Сплетни об Анне доходили до ушей Винцента, хотел он того или нет. Ройчиха, а вслед за ней и другие всегда ухитрялись ловко ввернуть словечко, намекнуть, дать понять, что и как. Ведь она готовит учителю обеды, стирает ему белье, пусть хоть знает, с кем имеет дело. И Винцент со стыдом ловил себя на том, что это задевает его больше, чем надлежало бы. Он искоса поглядывал на Анну, когда она двигалась по комнате, тихая, опрятная, и движениями, исполненными гармонии, складывала разбросанные книжки, с непринужденной грацией подметала пол, быстро и ловко приводила в порядок комнату. Время от времени она приносила цветы и ставила на стол в глиняном кувшине.
— Все-таки человеку веселей, когда на цветы посмотрит, — говорила она своим мелодичным голосом, и Винцент удивлялся, как это ему самому не приходило раньше в голову. Комната и вправду словно светлела, веселела от красок, и в ней пахло уже не испарениями двора, а нагретым на солнце полем.
— Могли бы они и в огороде каких-нибудь цветов посадить, а то все свекла и свекла! Хоть одну бы грядочку цветов под окном…
— А вы любите цветы?
— Люблю. Кто ж их не любит? — Она удивленно подняла на Винцента большие серые глаза. Учитель смутился. Он старательно избегал ее взгляда, опасаясь, как бы она не прочла в его глазах что-нибудь лишнее. Боялся, что она поймает его, когда он поглядывает на ее грудь, отчетливо вырисовывающуюся под блузкой, на круглую белую шею.
— Да кто она в сущности такая? — со злостью повторял он про себя. — Такая же деревенская девушка, как другие, да еще, оказывается, не случайно родившая незаконного ребенка, а и вправду гулящая. И с кем? С этим старым дедом! Ведь не по любви же… Да и с другими — пусть бабы, по обыкновению, преувеличивают, но какая-то частица правды в этом есть. Хватит и десятой доли…
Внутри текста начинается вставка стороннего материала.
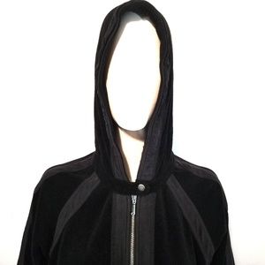Very gently previously loved! Black terry cloth track jacket, front zip hoodie, sweatshirt. 100% silk accent panels, cuffs and hem. Older label with terriers (holds it's value to Juicy lovers).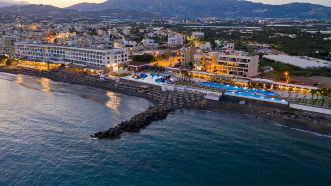 The hotel complex is suitable for families and travelers who appreciate the combination of modern comfort with home coziness. The main restaurant and the spacious tavern on the beach serve Greek and Cretan dishes. Lovers of fresh juices, hot coffee and original cocktails can visit two stylish bars.
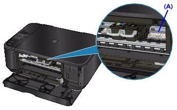 If the FINE cartridge holder hangs over the paper, move the FINE cartridge holder to the right edge or the left edge whichever is easier to remove the paper.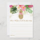 Ces adorables cartes de conseil nuptiale sont une activité de Fête des mariées amusante qui devient un gardien intemporel pour les futurs mariés. Il vous suffit de les faire circuler pendant la Fête des mariées où les clients s'amuseront à les remplir de leurs souhaits et de leurs conseils pour la mariée et le futur marié ! Le design présente des fleurs tropicales d'été avec des confettis de parties scintillant en faux or et un faux ananas en parties scintillant d'or. La coordination de texte rose et or vient compléter le design floral.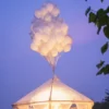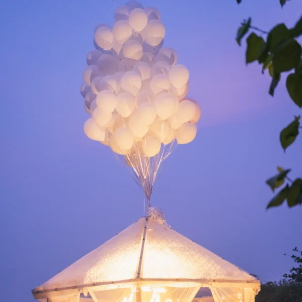 Upon arrival, walk down a beautifully laid white fur pathway adorned with pompas, lanterns, and cages, leading you to a gorgeously decorated gazebo. The gazebo itself is wrapped in 100–150 pastel and metallic balloons, creating a vibrant and festive atmosphere while remaining elegant. Fairy lights twinkle above, complemented by LED candles placed thoughtfully around the setup to create a cozy and intimate ambiance.

Но это не только не делало его смелее, а, наоборот, казалось, проводило еще более резкую границу, которой он не решался переступить.
Минутами его охватывала печаль. Какой же совсем иной она казалась ему тогда, когда сгребала Банихино сено у реки! Грустная, непохожая на других, напевающая свою песенку о калине, мотив которой надолго застрял в его памяти. Чего он тогда себе не придумывал! А между тем действительность выглядела совсем иначе. Лгало кроткое девичье лицо Анны, лгали ее бледные губы, ее серые, так искренне глядящие глаза.
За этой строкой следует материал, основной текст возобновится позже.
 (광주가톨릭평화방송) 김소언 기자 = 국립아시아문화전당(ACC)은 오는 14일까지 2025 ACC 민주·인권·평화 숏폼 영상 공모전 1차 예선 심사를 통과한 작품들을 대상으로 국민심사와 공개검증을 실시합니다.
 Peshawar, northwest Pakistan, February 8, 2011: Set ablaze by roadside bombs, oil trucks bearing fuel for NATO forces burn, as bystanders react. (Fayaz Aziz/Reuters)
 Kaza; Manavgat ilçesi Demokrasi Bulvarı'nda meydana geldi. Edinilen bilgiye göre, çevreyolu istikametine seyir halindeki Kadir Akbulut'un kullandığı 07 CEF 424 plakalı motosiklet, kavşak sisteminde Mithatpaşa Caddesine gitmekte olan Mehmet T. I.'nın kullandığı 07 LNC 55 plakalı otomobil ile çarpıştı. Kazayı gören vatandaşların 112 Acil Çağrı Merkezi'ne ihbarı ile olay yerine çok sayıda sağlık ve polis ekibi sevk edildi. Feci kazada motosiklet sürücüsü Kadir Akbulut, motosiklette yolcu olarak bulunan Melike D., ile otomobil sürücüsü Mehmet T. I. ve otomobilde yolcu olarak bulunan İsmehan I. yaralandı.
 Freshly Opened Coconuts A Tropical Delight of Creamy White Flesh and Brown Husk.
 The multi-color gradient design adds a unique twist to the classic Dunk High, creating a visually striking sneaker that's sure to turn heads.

Он снова чувствовал себя таким же одиноким, как прежде. Анна стала для него лишь тревогой — ненужной, бессмысленной, на которой он со злостью себя ловил.
— Скромницей прикидывается! Что она собственно воображает.
Но Анна ничего не воображала. Она любила приходить сюда, любила поболтать с Винцентом — по-иному, чем с деревенскими. Ее тянуло иной раз забежать, посмотреть, поговорить, но приходилось считаться с бабьими языками, не из-за себя, — ей-то терять было нечего, — а из-за учителя.
— Нехорошие здесь люди… — сказала она как-то вдруг, прервав уборку.
— Нехорошие? — удивился он. — Почему нехорошие?
— Уж и не знаю, как вам сказать. Такие они здесь.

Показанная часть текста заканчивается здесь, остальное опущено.